▶ **TASK TO COMPLETE**: Retype only the lines below from the one with "Quand il y a" to the one with "久田 万裕莉さんの総格は45画の4点!", inclusive, skipping every image.

▶ **STUDY MATERIAL**:
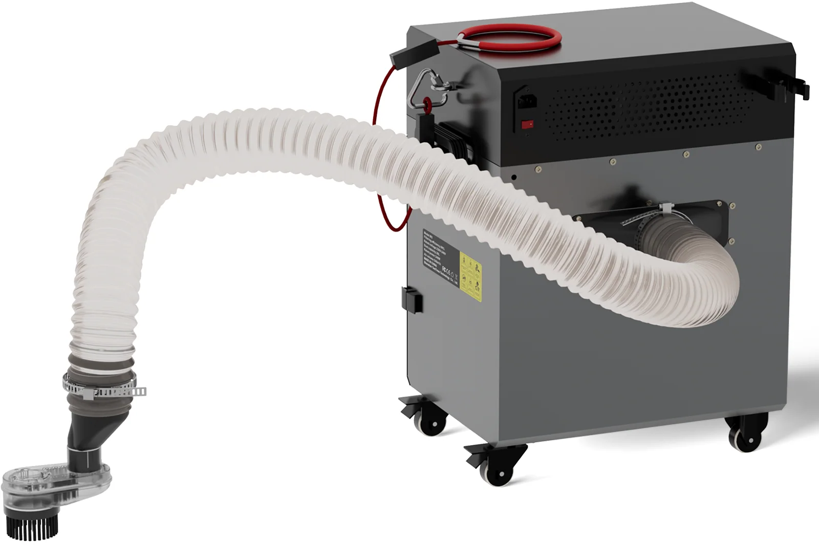 Dammuppsamlaren har stöd för slangar med en diameter på 40 mm, 50 mm, 63 mm och 100 mm och är därför kompatibel med 99 % av alla CNC-fräsar och -gravyrmaskiner på marknaden. Tack vare de anpassningsbara adaptrarna som finns som tillval kan systemet flexibelt anpassas till olika maskinkonfigurationer.
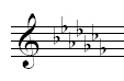 Quand il y a sept bémols (Si b, Mi b, La b, Ré b, Sol b, Do b, Fa b) à la clé, la tonalité sera Do b majeur ou Do b Ionien, la relative mineure sera La b mineur ou La b Aeolien.
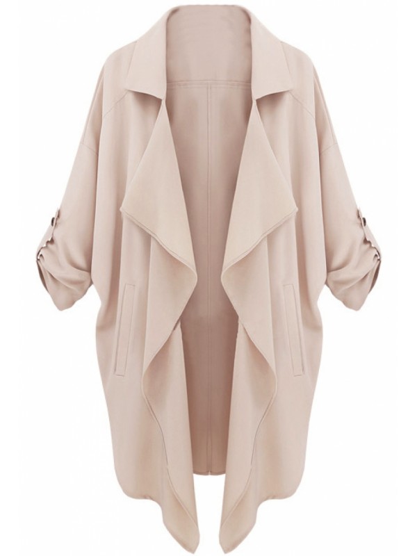 • Beige Long Sleeve Casual Loose Pockets Coat
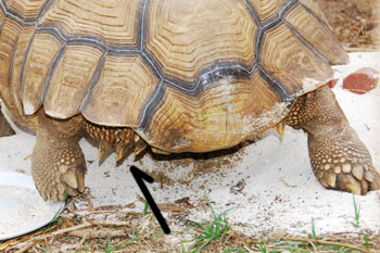 ……この姿を大城のおばあに見せてあげたい。 ところでこのガメラ105号君が「ケヅメリクガメ」という種類の陸カメだというのは周知のとおり。 と思っていたら、さすがに当然蹴りワザはないものの、彼の脚の付け根にはこんなものが。
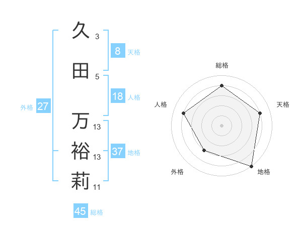 久田 万裕莉さんの総格は45画の4点!
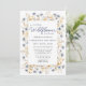 The "A Little Wildflower Boho Watercolor Baby Shower Invitation" is a charming and graceful choice that beautifully sets the stage for a joyful celebration. This invitation features an enchanting array of wildflowers in soft shades of blue and white, interspersed with golden accents, creating a warm and inviting atmosphere. The bohemian-inspired design is perfect for a baby shower that celebrates the beauty of nature and the anticipation of a new life blossoming. This delicate and artful invitation is sure to delight guests and create a sense of excitement for the upcoming special day.
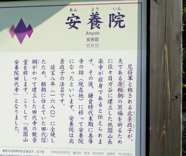 浄土宗の寺。安養院は北条政子の法名である。
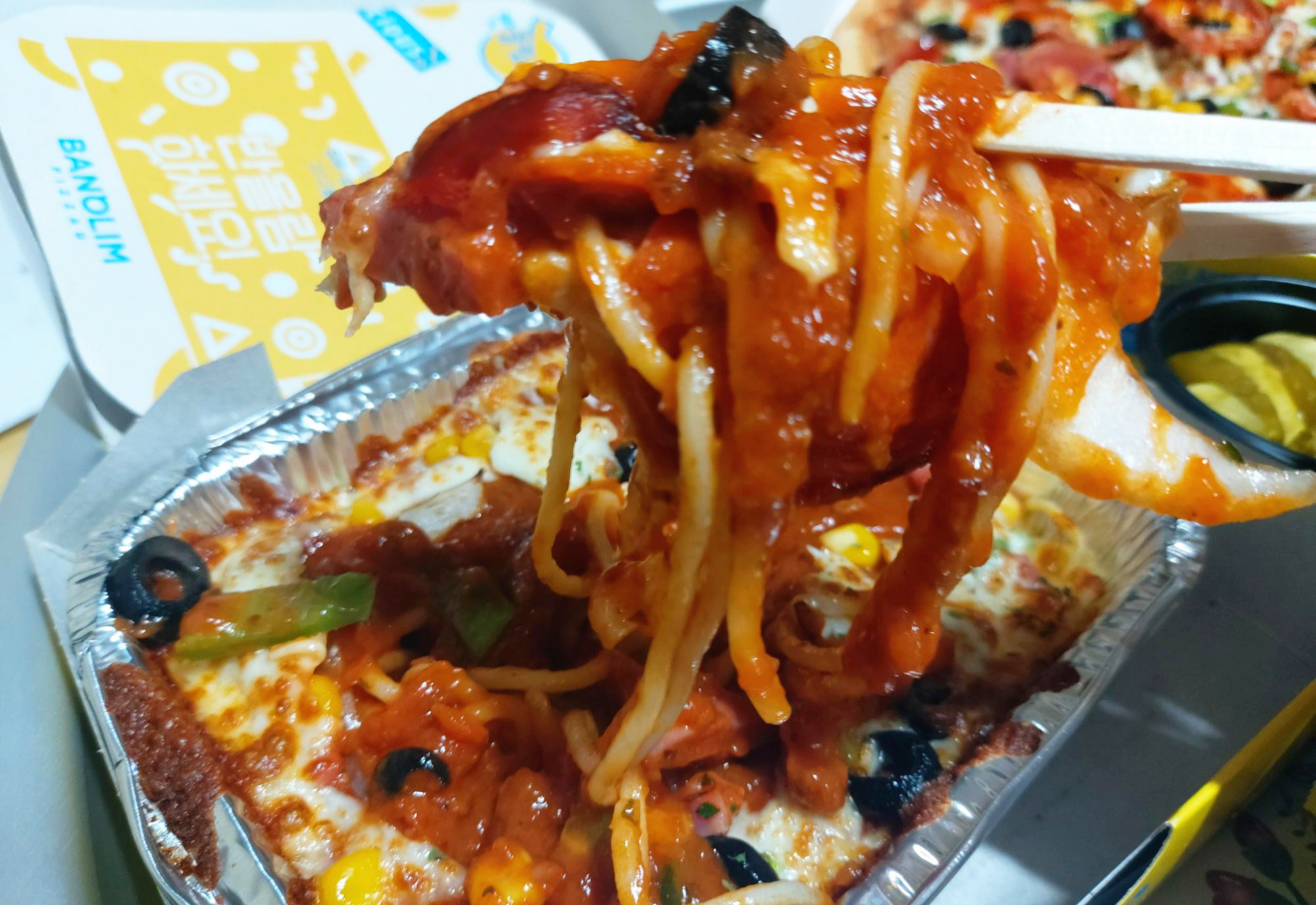 치즈 오븐 스파게티는 마치 콤비네이션 피자를 그대로 옮겨온 듯한 모습입니다. 페퍼로니, 올리브, 양파와 노릇노릇하게 그릇에 들러붙은 치즈까지! 게다가 배달이 빨라서 그런지 엄청나게 뜨거웠습니다.
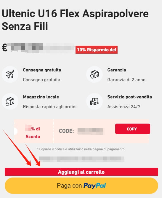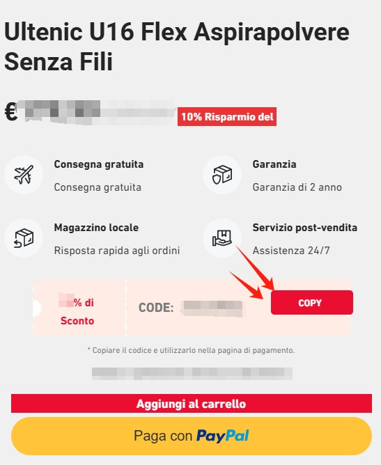 1. Apri la pagina dei dettagli del prodotto e clicca sul pulsante "Copia" per copiare automaticamente il codice del coupon.
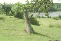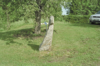 Runsten, granit, 1,6 m h och 0,8 m br vid basen, något avsmalnade uppåt, 0,25-0,4 m tj. Runslingans br 9-11 cm. Ristningen vetter mot Ö. "Ingefrid lät resa denna sten efter Öulv, sin fader och stav. Öulv gjorde detta ting i öster (?). Assur högg (runorna). Ginna utförde (tingsplats) i väster(?)". * hikifriþr * lit * r-isa * sain * þna * iftiR * ayulf * faþur * sin * auk * staf * ayulf- (k)iar...

▶ **ANSWER BOX**:
 Quand il y a sept bémols (Si b, Mi b, La b, Ré b, Sol b, Do b, Fa b) à la clé, la tonalité sera Do b majeur ou Do b Ionien, la relative mineure sera La b mineur ou La b Aeolien.
 • Beige Long Sleeve Casual Loose Pockets Coat
 ……この姿を大城のおばあに見せてあげたい。 ところでこのガメラ105号君が「ケヅメリクガメ」という種類の陸カメだというのは周知のとおり。 と思っていたら、さすがに当然蹴りワザはないものの、彼の脚の付け根にはこんなものが。
 久田 万裕莉さんの総格は45画の4点!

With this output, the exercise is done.